Mean Reversion Questions Answered

Let us help you answer some mean reversion questions.

At The Chartist, we preach strategy diversification. That is, using a variety of trading strategies to smooth or accelerate the overall performance of portfolios. Most people understand momentum-based systems. Today I wanted to address a few points of confusion around our mean reversion-based strategies.

First of all, let’s quickly go over what a mean reversion strategy is. Mean Reversion strategies aim to exploit quick and temporary price movements away from the overarching trend in the expectation that the price will return to its previous trajectory (in other words, revert to the mean). When done across a short time frame, our aim is to rack up many small incremental gains. The sum of which will hopefully provide a larger and stabler return.

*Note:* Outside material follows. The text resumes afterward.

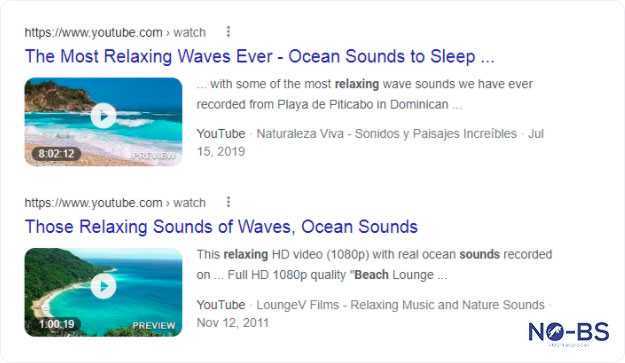 While most search results follow the same text forward template, a search result for a video using video schema markup stands out. Check out this example of how videos are displayed in this search for ‘soothing beach sounds.’

Question 1 – We just exited that position, why are we re-entering?

This is one we often receive with regards to our High Frequency and ASX Weekly Swing strategies. It is not unusual to see the same signals repeat within short windows. Occasionally, the High Frequency Strategy will even have an exit and an entry signal for the same stock on the same day.

Let’s use the below AECOM chart from the High Frequency Strategy last month to demonstrate. Visually, this chart is a great example of what a mean reversion strategy is looking for. We can see a nice upward trend, a slight drop-off, and then a quick snap back to the upward trend, which then repeats.

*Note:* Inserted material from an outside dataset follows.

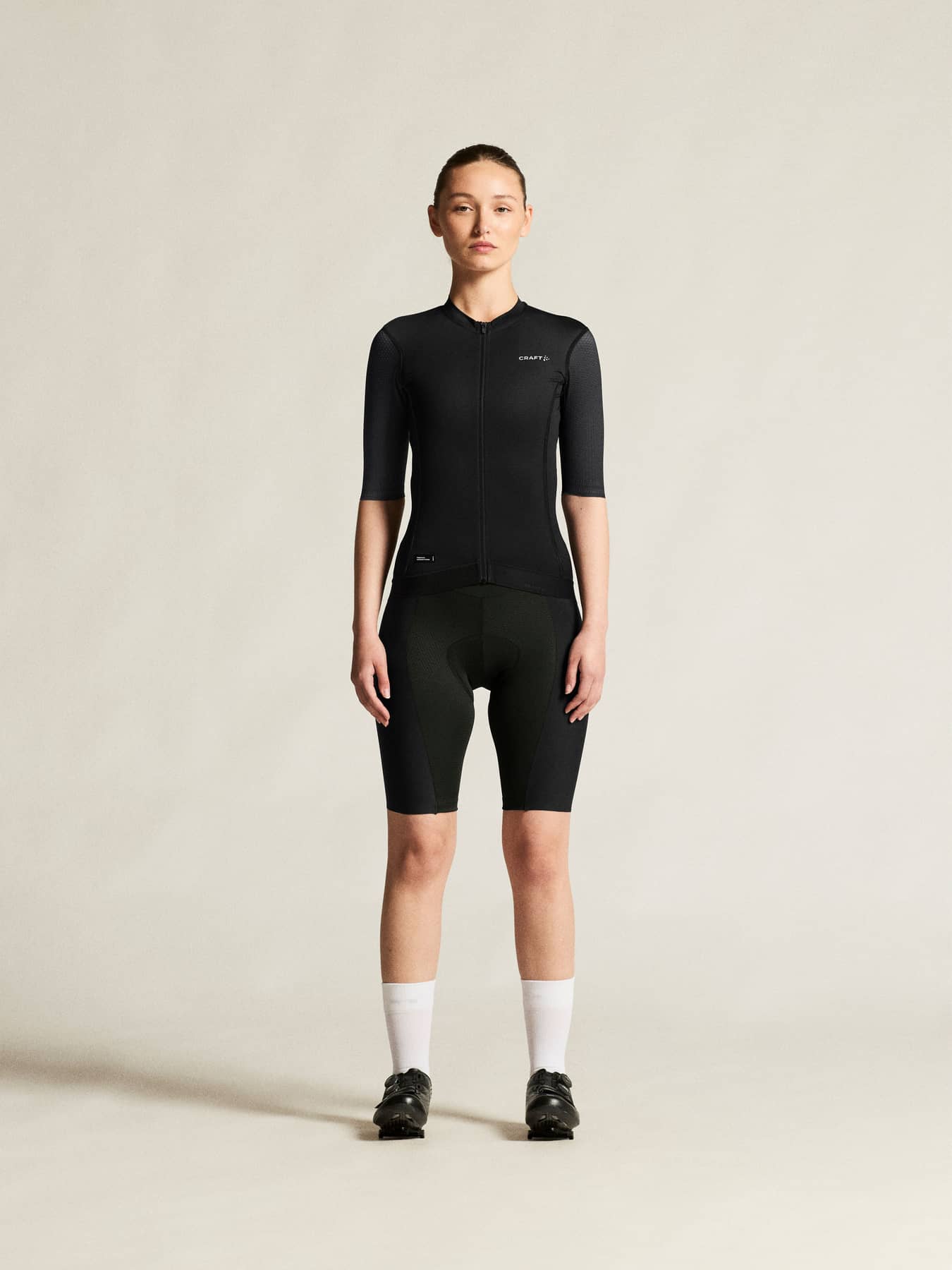 Das aus aerodynamischen und kühlenden Materialien gefertigte Radtrikot bietet außergewöhnliche Luftzirkulation und effizienten Feuchtigkeitstransport bei intensiven Fahrten. Dieses innovative Trikot vereint mehrere hochelastische Materialien mit unterschiedlichen Strukturen für eine stromlinienförmige Passform, darunter Ärmel aus Mesh mit Noppenstruktur für verbesserte Aerodynamik. Raw-Cut Ärmelenden mit Silikonpunkten auf der Innenseite und ein elastischer Saum, die während der gesamten Fahrt für einen sicheren und bequemen Sitz sorgen.

If we had bought and held this same stock in one trade for the same period, we would have been worse off compared to the multiple trades.

Question 2 – Wouldn’t it have been better to hold this stock for longer?

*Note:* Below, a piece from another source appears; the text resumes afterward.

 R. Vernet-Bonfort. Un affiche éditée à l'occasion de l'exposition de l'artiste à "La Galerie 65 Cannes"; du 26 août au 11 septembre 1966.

Often, the quick exit of a mean reversion strategy can look less than ideal on a chart. Take the below chart from Marvell Technology, for example. We can see our entry has worked nicely, but our exit has left some profit behind in the following days.

While the question is true for the first trade in the MRVL chart pictured, it wouldn’t have worked out as well for the second trade or for any of the trades from the Aecom chart above. Remember, we’re playing a numbers game here, looking for many small gains rather than a few big ones. We’ve tested these rules across thousands of trades, and chosen the ones that result in the best performance overall.

Question 3 – I placed 20 orders and only got 3 fills; is this normal?

Usually, with this sort of strategy, our entry will be a limit order below the prevailing market price. We do this in anticipation that the price will fall before returning to or above the prior market price. We do not expect all these orders to be filled. A lower limit order aims to maximise the small gain received, while also attempting to avoid entering sideways-moving trades and losing out on the commision.

The below chart marks entry orders for the following day with green arrows; you can see most of them were not filled as the limit was not met.

Question 4 – What broker should I use for these strategies?

For strategies operating at such a high frequency, a broker with a very low commission is essential. This largely limits the strategies to the US market where commissions are lower. We have however developed a variant, the ASX Weekly Swing Strategy, which is designed to operate on a slightly longer time frame using fixed commissions and less entries, to reduce commission drag.

Furthermore, since you’re likely to be placing large quantities of orders, you’ll want to use a broker that facilitates bulk order placement via sheet upload or API.

Hopefully this has given you some insight into Mean Reversion strategies, and how they can be used in tandem with longer term trend following or momentum strategies.